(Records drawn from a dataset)
★ ★ ★ ★ ★ ★ ★

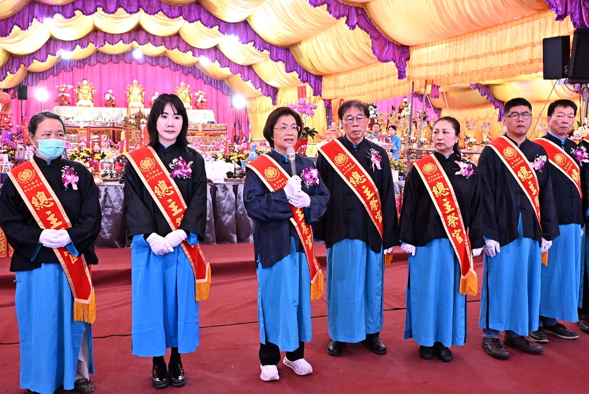 縣長王惠美表示,感謝玄門總會各位師兄師姐的付出,在大年初九天公生至元宵節這段期間,舉辦法會為眾生消災祈福。每天有許多信徒前來敬祀,向神尊稟報心中訴求,相信在眾神佛庇祐下,一定會讓大家福來滿溢。並感謝士農工商各界及信徒的大力支持,有錢出錢、有力出力,一同共襄盛舉,引領縣民生活更美好幸福,祝福大家在新的一年都平安圓滿。
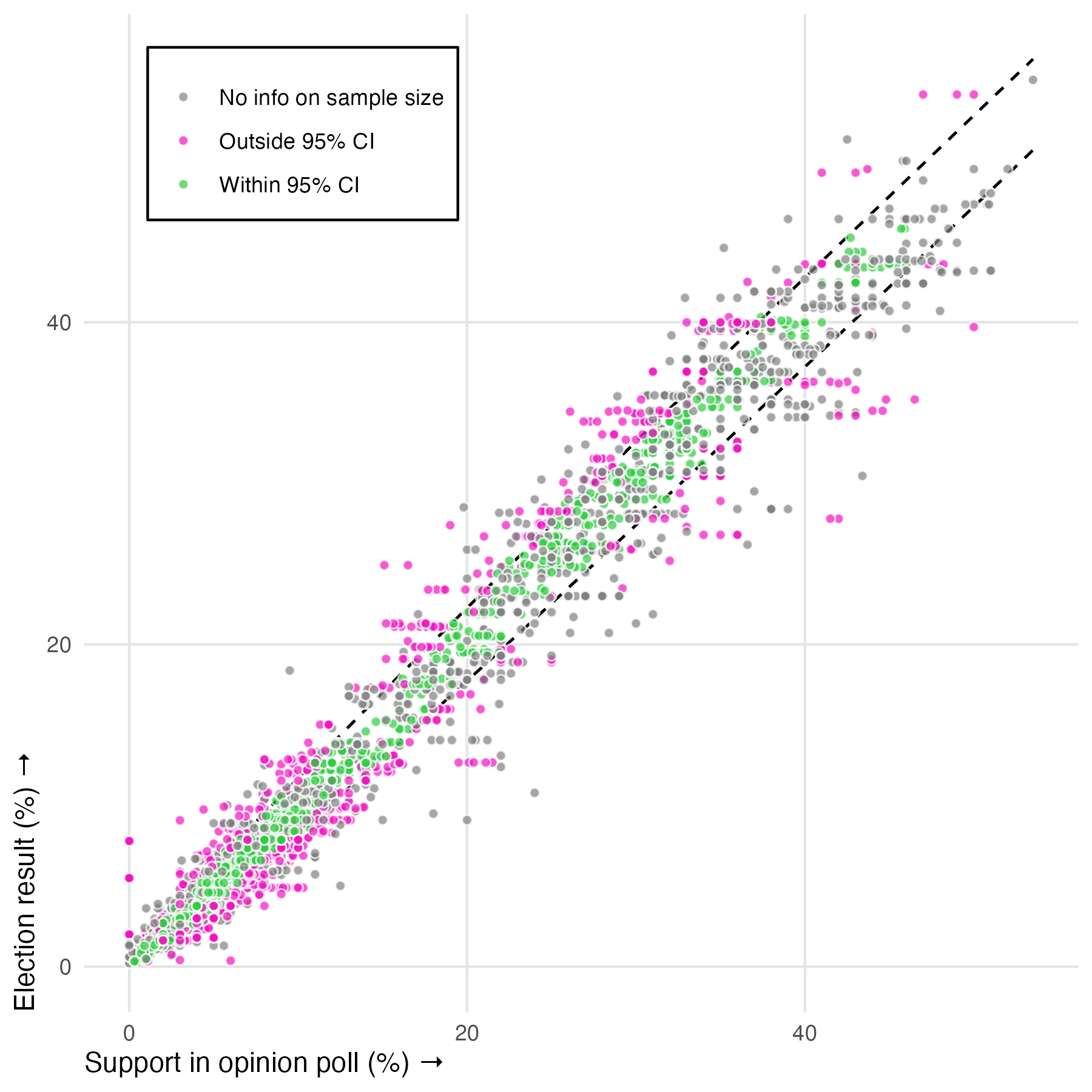 The figure below shows the opinion polls with information on whether the election result in inside or outside the 95% confidence interval. Polls where I do not have information on the sample size are shown with a gray colour. The dashed lines show the 95% confidence intervals of opinion polls with a median sample size (N = 1,201). Accordingly, we prefer the individual observations to have a green colour or/and be within the dashed lines.
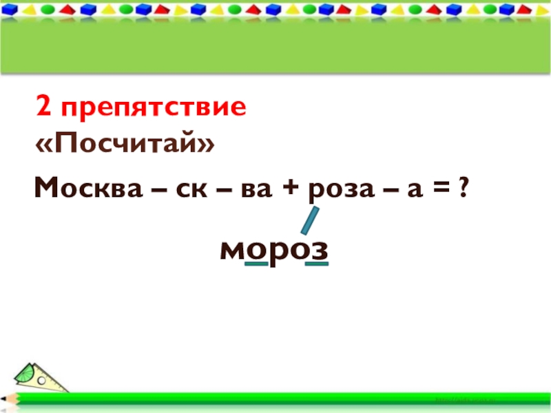 2 препятствие  «Посчитай»Москва – ск – ва + роза – а = ?мороз
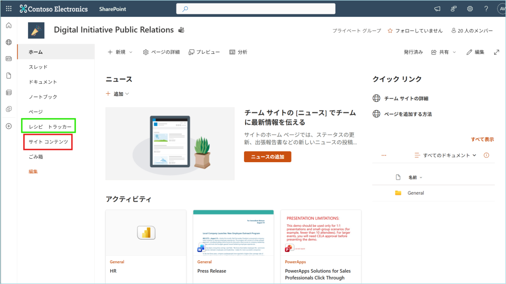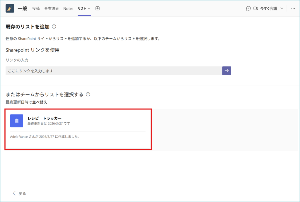 補足:チームのタブ欄に作成された、または、追加されたリストはSharePointと同期されるのでどちらからでも確認することができます。
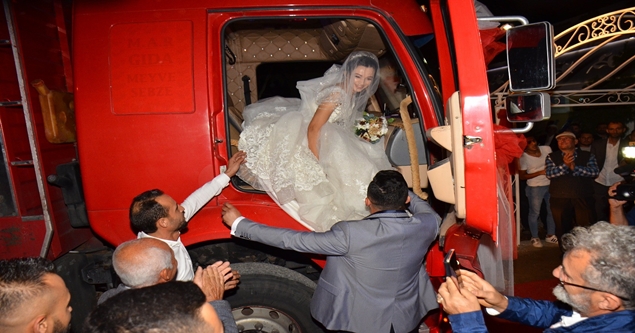 Daha önce hazırladıkları gelin arabası yerine kuzenlerinin hazırladığı gelin arabası olan kamyona binerek düğün salonuna gelen gelin ve damada vatandaşlar yol boyunca sevgi gösterisinde bulundu. Hazırlanan gelin arabası ise kamyona eskortluk yaptı.

★ ★ ★ ★ ★ ★ ★

Task description: Starting at the line containing "роза – а = ?мороз" and stopping at the line containing "補足:チームのタブ欄に作成さ", output every line above exactly, both ends included, with pictures omitted.

Task solution:
 2 препятствие  «Посчитай»Москва – ск – ва + роза – а = ?мороз
 補足:チームのタブ欄に作成された、または、追加されたリストはSharePointと同期されるのでどちらからでも確認することができます。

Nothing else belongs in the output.